Швырнуть булыжник, но
только знать бы, окно которое,
да отыщи ещё
в слепой стене хоть одно окно,
словесной силище
лихого книжника,
лишь на словоплетенье скорого,
коротким эхом вякнуть разрешено.
Луна над кратером,
рай для геологов и отшельников,
слои истории,
тектонические слои,
природе-матери
не набивайся, чудак, в подельники,
у ней свои выкрутасы,
а у тебя – свои.
Ночь охраняется
немыми стражами,
нет ходатаев и посредников
между тобой и древней полночью голубой,
пуста дорога,
и ты окажешься
сам-друг с таинственным собеседником,
с самим собой.
ЛОГИСТИКА ВОЙНЫ
Чем грандиознее война, тем мельче рвы,
где захоронены и рыцари её, и жертвы.
Когда-то воин воину кричал: – Иду на Вы! –
а нынче грейдер кости спихивает в царство мертвых.
Увы, отыграна колода карточных царей,
забыты пылкие девизы, истрепались орифламмы,
ни арбалетчиков, ни бравых пушкарей,
ни полководца на краю батальной панорамы.

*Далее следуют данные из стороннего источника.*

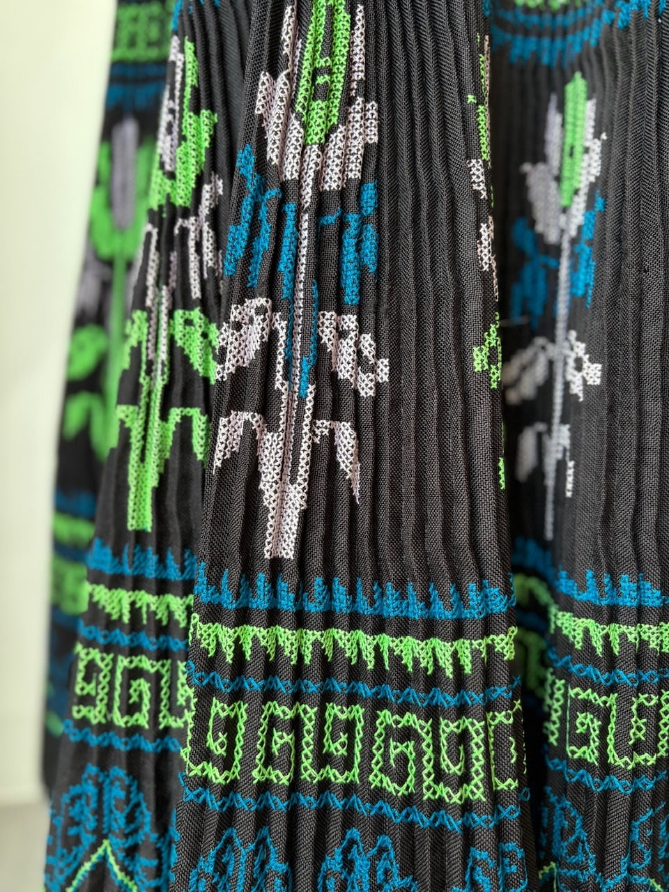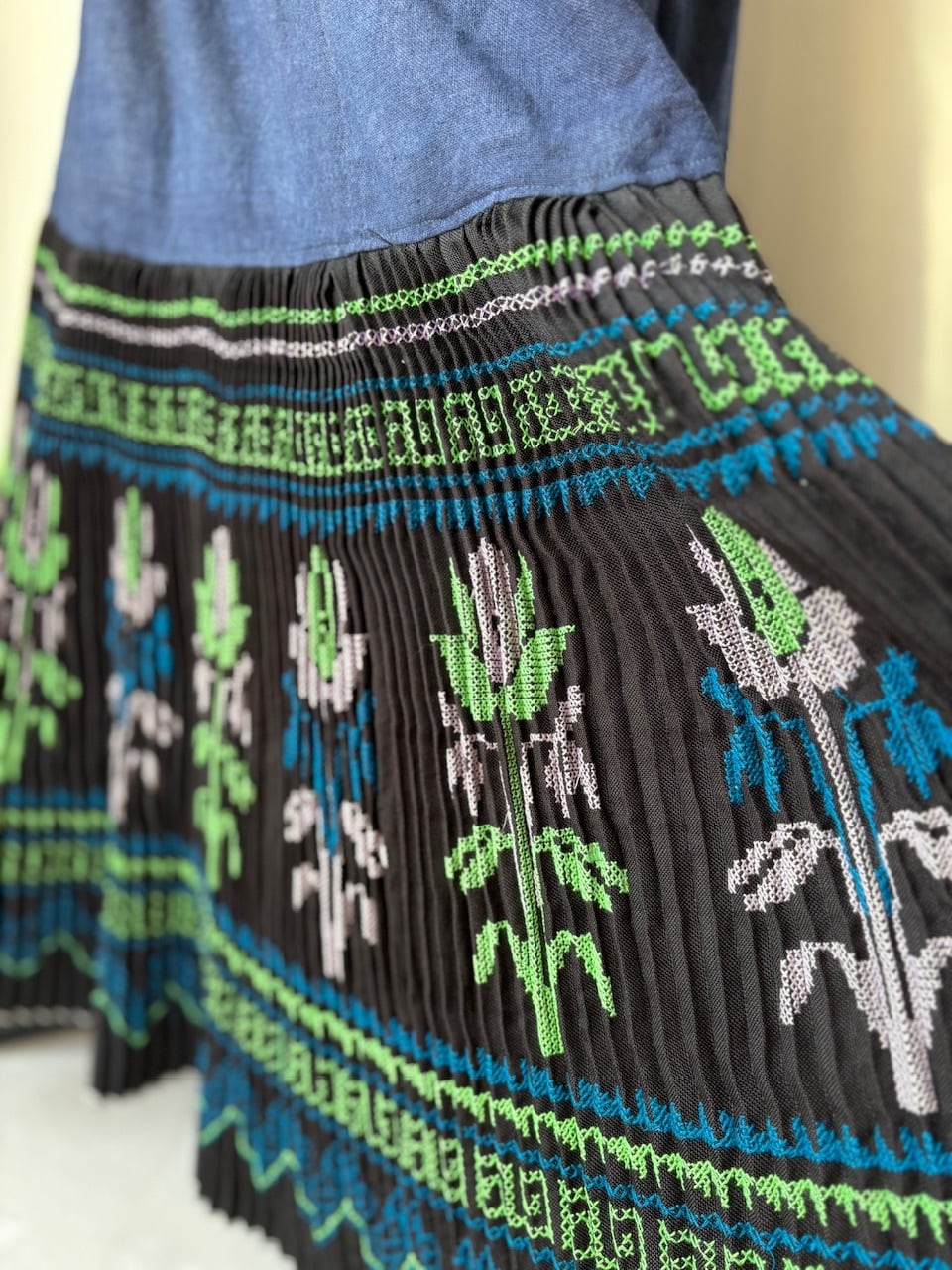 下部はモン族の刺繍の生地です。黒地の生地にクロスステッチでお花や模様が手刺繍で縫われています。下部にボリュームがあるので動きが出やすいと思います。シンプルな色合いなのでどんな服にも合わせやすいスカートです。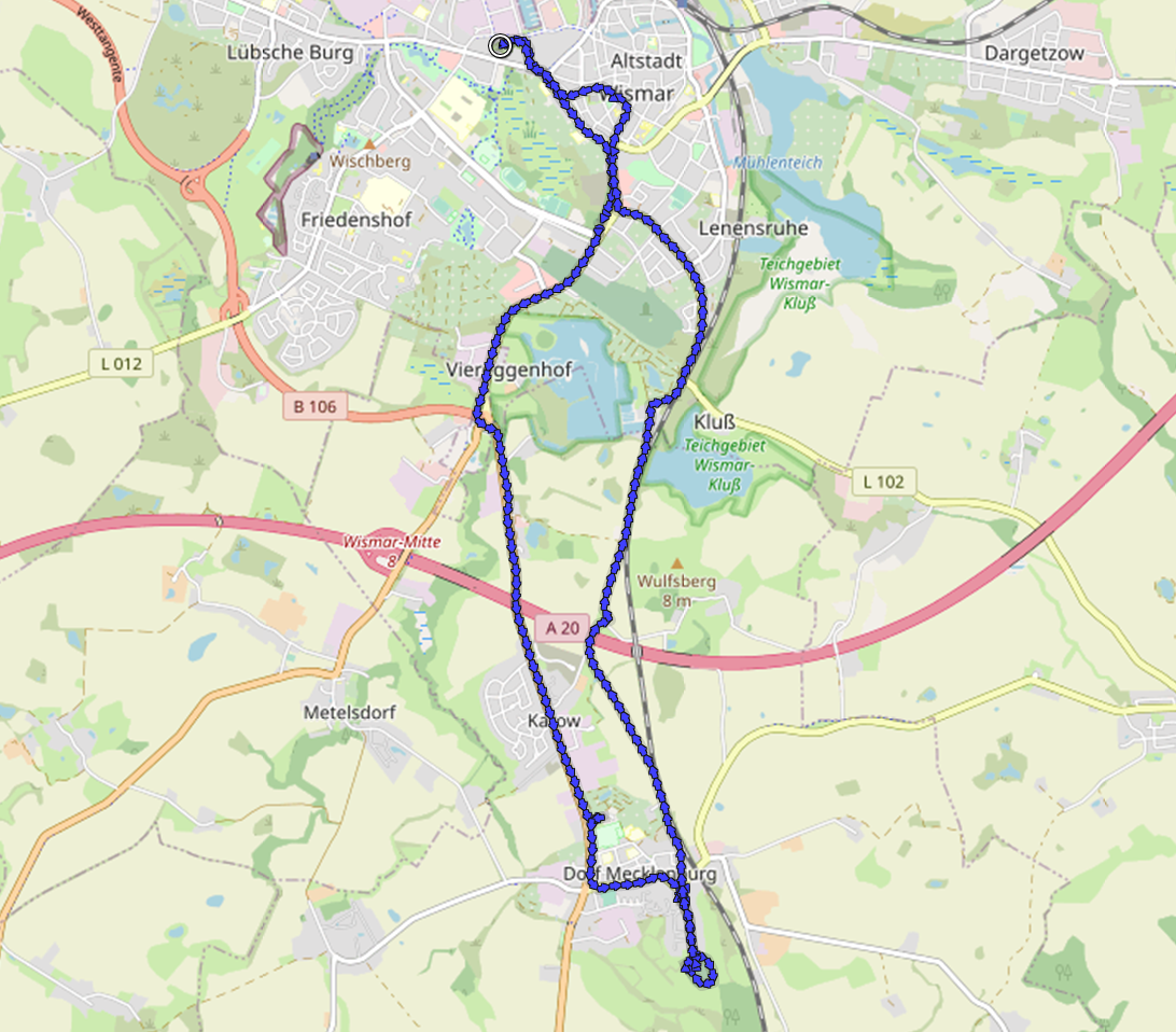 Am Abend unternehme ich eine Radtour von Wismar in das nur wenige Kilometer entfernte Dorf Mecklenburg auf halber Strecke zwischen Wismar und dem Schweriner See.

Теперь воюют с пульта, глядя на мерцающий экран,
шлют на убой отлаженные механизмы,
ну, а война, как в древности, несовместима с жизнью,
и смерть, как в древности, всегда готова на таран.
Предрассветные сонеты
I
Закончил день греметь пустым ведром,
Ночной покой бесформен и беззвучен.
Я в темноте орудую пером,
Вслепую думать сызмальства научен.
Унять неслышный всхлип души плакучей,
Что хочет отвести, решить добром
Ночной вопрос, поставленный ребром,
И спрятаться от правды неминучей,
Ум изворотливый всегда готов.
На плитах тьмы химеры он рисует,
Но, скован невесомой цепью строф,
Сонет неумолимо повествует,
Как сумрачный рассвет сведет на нет
Моей ночной свечи непрочный свет.
II
Когда меня отпустит немота,
Когда надкрылки разорвут тенета,
Рука моя, раскрыта и пуста,
Достанет из колодца горстку света.
Жить начинаю с чистого листа,
Светлеющего в полутьме рассвета,
Пока еще молитва не распета,
Пока еще душа со сна чиста.
Мой Мусагет, да не смутит меня
Ни нарастанье утренного шума,
Ни ожиданье бестолочи дня!
Дай знамение мне, тяжелодуму,
Пока идет в уме моём угрюмом
Стихов неугомонная возня.
III
Мне Б-г дал слух, но голосом обнёс,
Открыл явлений связь, но скрыл причины,
Я складываю стих под скрип колес,
Земную жизнь разъяв на половины.
В час волка, не хмелён и не тверез,
Я примеряю маски и личины,
С тем, чтоб в припеве песни самочинной
Пригоршню слов сменять на россыпь слез.
Блага ли весть – не ведает посланец,
Тем боле – тот, кому её несёт
Крылатый вихрь. Тем боле – странный танец
Летучих рифм. Застыл протуберанец
В моём мозгу. Блестит восхода глянец,
И внемлет ухо, и немеет рот.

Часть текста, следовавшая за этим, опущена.